Borislav Petkov Sept. 8, 2021, 10:35 a.m. UTC | #4
On Wed, Aug 25, 2021 at 11:47:10AM -0700, Dave Hansen wrote:
> On 8/19/21 6:27 AM, Mike Rapoport wrote:

> > Such PMDs are created when free_kernel_image_pages() frees regions larger

> > than 2Mb. In this case a part of the freed memory is mapped with PMDs and

> > the set_memory_np_noalias() -> ... -> __change_page_attr() sequence will

> > mark the PMD as not present rather than wipe it completely.

> > 

> > Make kern_addr_valid() to check whether higher level page table entries are

> > present before trying to dereference them to fix this issue and to avoid

> > similar issues in the future.

> > 

> > Reported-by: Jiri Olsa <jolsa@redhat.com>

> > Signed-off-by: Mike Rapoport <rppt@linux.ibm.com>

> > Cc: <stable@vger.kernel.org>	# 4.4...

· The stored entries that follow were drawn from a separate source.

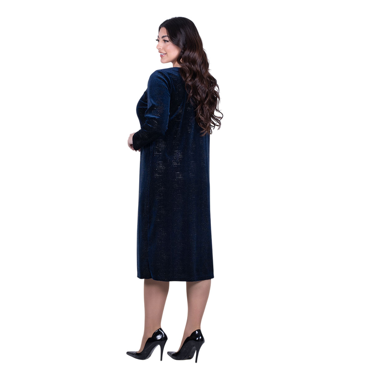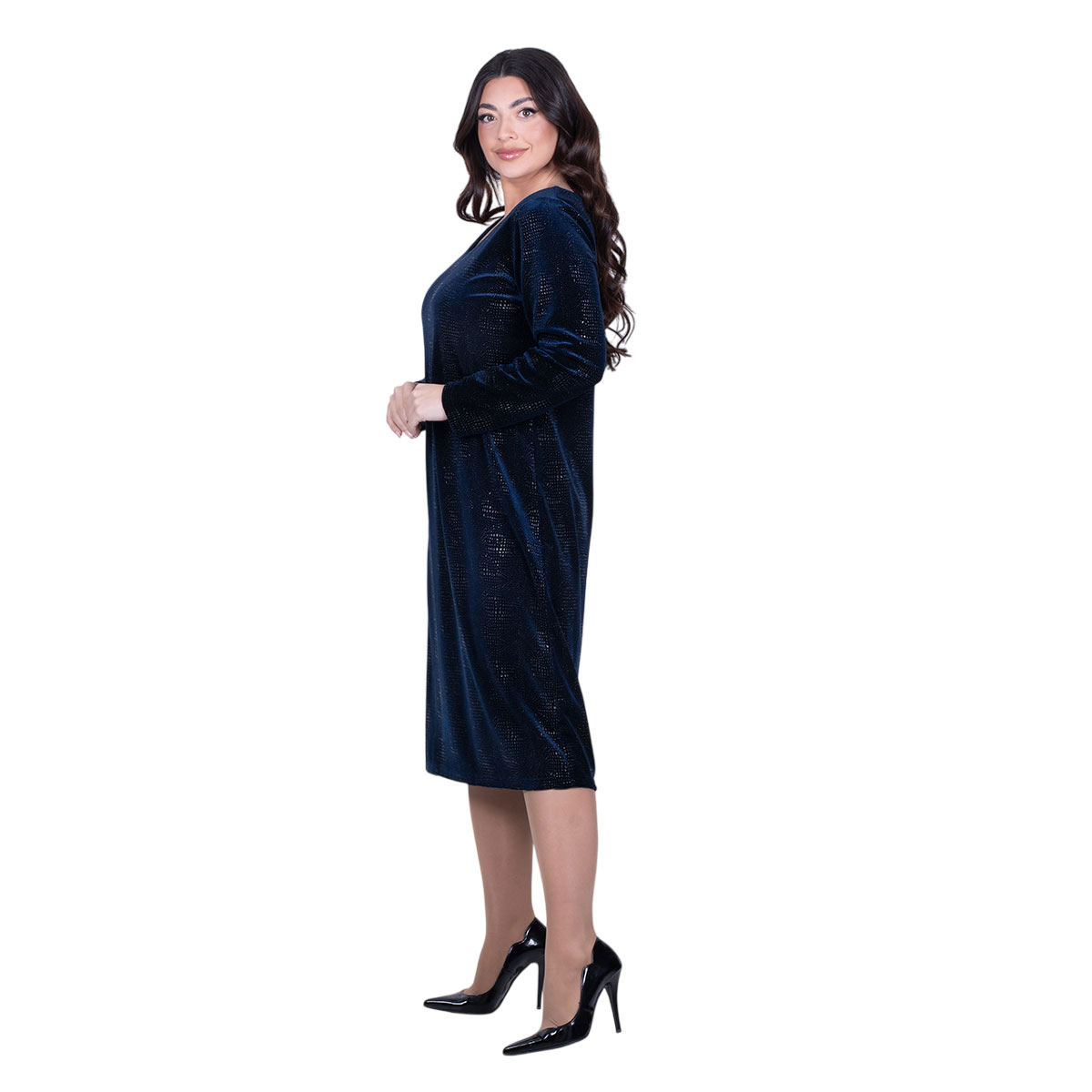 Platinum, χειμωνιάτικο, γυναικείο, βραδινό, midi, μακρυμάνικο, μπλέ σκούρο φόρεμα με V ντεκολτέ και πτι μαύρα σχέδια στην ύφανση του. Πανέμορφο φόρεμα, για εντυπωσιακές βραδυνές εξόδους, όπως και για γάμους και για βαπτίσεις.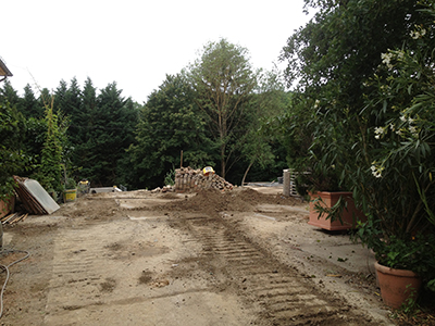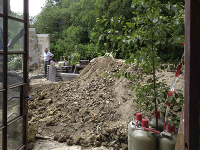 "Schlachtfeld" mit Aushub im Garten des Pferdestalls nach dem erneuten Ausgraben der bereits gesetzten aber abgesackten Betonstützmauerelemente.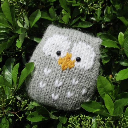 This a simple to knit owl, and there is no tricky colour-work as the features are embroidered after knitting using Swiss Darning (also known as duplicate stitch). A chart is included in the pattern for the colour-work. Designed by Amanda Berry @fluffandfuzz, the owl is knitted in wool/alpaca blend aran weight yarns on single pointed needles (not in the round). For beginners and above, other techniques used include seaming, increases and decreases.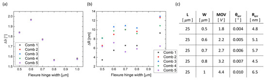 Graphical representation of the results obtained for different widths of the curved beam: (a) angular displacement Δθ of each comb-drive for the five different designs with a width of 0.5 μm, 0.6 μm, 0.7 μm, 0.8 μm, and 1 μm and (b) radial displacement ΔR of each comb-drive for the five different designs. (c) Values of θerr and Rerr produced by each design at their MOV.

> >  	pmd = pmd_offset(pud, addr);

> > -	if (pmd_none(*pmd))

> > +	if (!pmd_present(*pmd))

> >  		return 0;

> 

> Yeah, that seems like the right fix.  The one kern_addr_valid() user is

> going to touch the memory so it *better* be present.  p*d_none() was

> definitely the wrong check.

> 

> Acked-by: Dave Hansen <dave.hansen@intel.com>


So I did stare at this for a while, trying to make sense of it and David
Hildenbrand asked for a Fixes: tag in v1 review and from doing a bit of
git archeology I think it should be:

c40a56a7818c ("x86/mm/init: Remove freed kernel image areas from alias mapping")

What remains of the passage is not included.